The descending cutaneous branches of the popliteal artery typically supply the sural artery fasciocutaneous flap. Three vessels in the posterior calf supply blood flow to the skin. These are the lateral, median, and medial vessels. These vessels have variable origins, whether from the popliteal artery directly or from one of the 2 sural arteries supplying the gastrocnemius muscle. The medial sural cutaneous nerve, a branch of the tibial nerve within the popliteal fossa, courses with the lesser saphenous vein and cutaneous artery. The nerve and vascular pedicle enter the skin at the midposterior leg.

The dominant pedicle, either the medial or a lateral superficial sural artery with its venae comitantes, is located in the popliteal fossa entering the deep fascia between the medial and lateral heads of the gastrocnemius muscle. The pedicle generally courses slightly lateral to the posterior midline over the lateral gastrocnemius muscle. The median cutaneous artery arises from the popliteal artery in 48%, lateral sural artery in 39%, and inferior geniculate vessels in 13%. In cadaver studies, the midline vessel accompanies the sural nerve, and a smaller one accompanies the lateral sural nerve. However, the dominant posterior axial vessel has been demonstrated to usually course posterolaterally, intimately associated with the lateral sural nerve. In summary, these vessels take a variable origin from either the popliteal artery directly or one of the 2 sural arteries supplying the gastrocnemius, and one must carefully determine if the medial or lateral sural cutaneous artery is dominant.

The venous drainage typically consists of paired venae comitantes emptying into the popliteal or sural veins. The flap is innervated in the superior calf by the posterior cutaneous nerve of the thigh and in the middle and inferior calf by the posterior branch of the medial cutaneous nerve of the thigh and the lateral sural cutaneous branch of the common peroneal nerve.

Preoperatively, the superficial sural artery is first detected with a Doppler flow meter. The operation can be performed with the patient in any position, but the prone position is usually best. The flap territory extends from the superior flexion crease of the calf at the popliteal fossa to the junction of the middle and inferior thirds of the posterior calf. The flap is designed in the calf and includes a line representing the course of the superficial sural artery either in the center or in the lateral part of the calf. Medially and laterally, the midaxial lines serve as the anterior limits. After marking the flap boundaries according to the above guidelines, elevate the flap distally with an incision through the skin, subcutaneous tissues, and deep fascia.[11]

The flap is elevated subfascially to avoid damaging the vessels.

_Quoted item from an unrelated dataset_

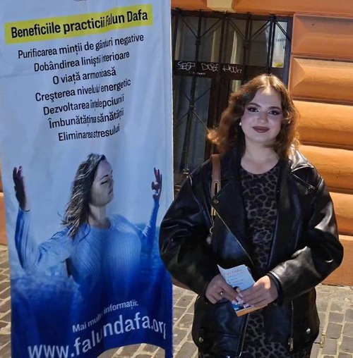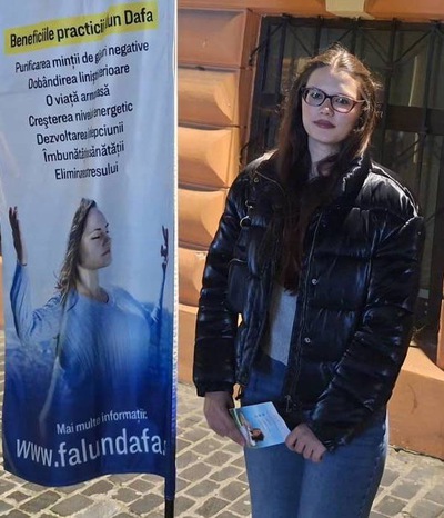 Irina Vatagu, a student at the Faculty of Letters in Brașov, said that the banner and music caught her attention, so she came to the stand. “The first time I heard this music, I wondered what was going on, because you don’t usually see this kind of thing in the city center. Then I started reading the banner and I think it’s a pretty good cause so I signed the petition,” she said. Vatagu sees the values of Falun Dafa as a remedy for a balanced society that benefits its members.

When incising both sides and exposing the pedicle, take care to prevent injury to the common peroneal nerve and the pedicle of the flap, preserving both medial and lateral superficial sural arteries until both are observed. Furthermore, both fasciocutaneous vessels may unite before their junction with the popliteal artery and vein. Once clearly defined, the larger vessel is included in the mid axis of the flap. Proximal superficial draining veins are also preserved to enhance venous drainage in standard flap transposition or for use in microvascular composite tissue transplantation.

Deep to the fascia, the distal lesser saphenous vein is identified, divided, and included with the flap. The sural nerve, which runs in close proximity to the arterial supply, is also transected distally and included. Dissection of the sural nerve from the vascular pedicle places the artery and its venae comitantes at undue risk of injury.

As the dissection proceeds superiorly, gastrocnemius perforators must be divided. In elevating the flap, musculocutaneous perforators that anastomose with the sural cutaneous artery may be encountered. Ligation of these can result in poor perfusion to the flap, and sequentially ligating or performing a trial occlusion may be safer.

Reportedly, after ligating most of these perforators, it became apparent that the axial vessel was not enough to sustain the flap, and the flap was replaced and the medial gastrocnemius flap was used to reconstruct the soft tissue defect. This illustrated the point of an inverse relationship between the superficial and deep systems. Small sural cutaneous arteries are often found concurrently with large perforators, and sacrifice of these perforators may compromise the flap. Only after the vascular pedicle has been identified on the deep surface of the flap may the superior skin margin be incised safely. If the venous congestion, which is uniformly noted after initial flap elevation, is irreversible or the venae comitantes prove to be exceedingly small, then a subcutaneous vein should be included with the flap proximally to serve as an additional source of venous outflow.

After cleaning the recipient site, the flap is transferred to the skin defect. It can be transposed as a peninsular fasciocutaneous flap or isolated on its vascular pedicle alone for transposition as an island flap. The rotation point of the pedicle is usually located at the popliteal fossa. Tension and kinking or twisting of the pedicle must be avoided. Drains are placed under the flap. Primary closure of the donor site is possible with a flap having a width of 6 cm or less, but larger flaps require a skin graft of the donor site. Inevitably, the sural nerve is divided; consequently, the outer aspect of the foot is rendered numb. The transection of this nerve also carries the risk of neuroma formation in the transferred flap.

Popliteal-based posterior thigh fasciocutaneous flap

Several fasciocutaneous flaps have been described involving the lower posterior and lateral thigh and deriving inflow from branches arising from the knee region. The popliteal-posterior thigh fasciocutaneous island flap covers the knee and reaches to the upper and middle thirds of the calf. A direct ascending branch of the popliteal artery arising 7-11 cm above the knee supplies the popliteal-posterior thigh fasciocutaneous flap. The vessel emerges between the semimembranous and biceps femoris muscles at the level of the popliteal fossa. The posterior femoral nerve can potentially provide sensation to the flap.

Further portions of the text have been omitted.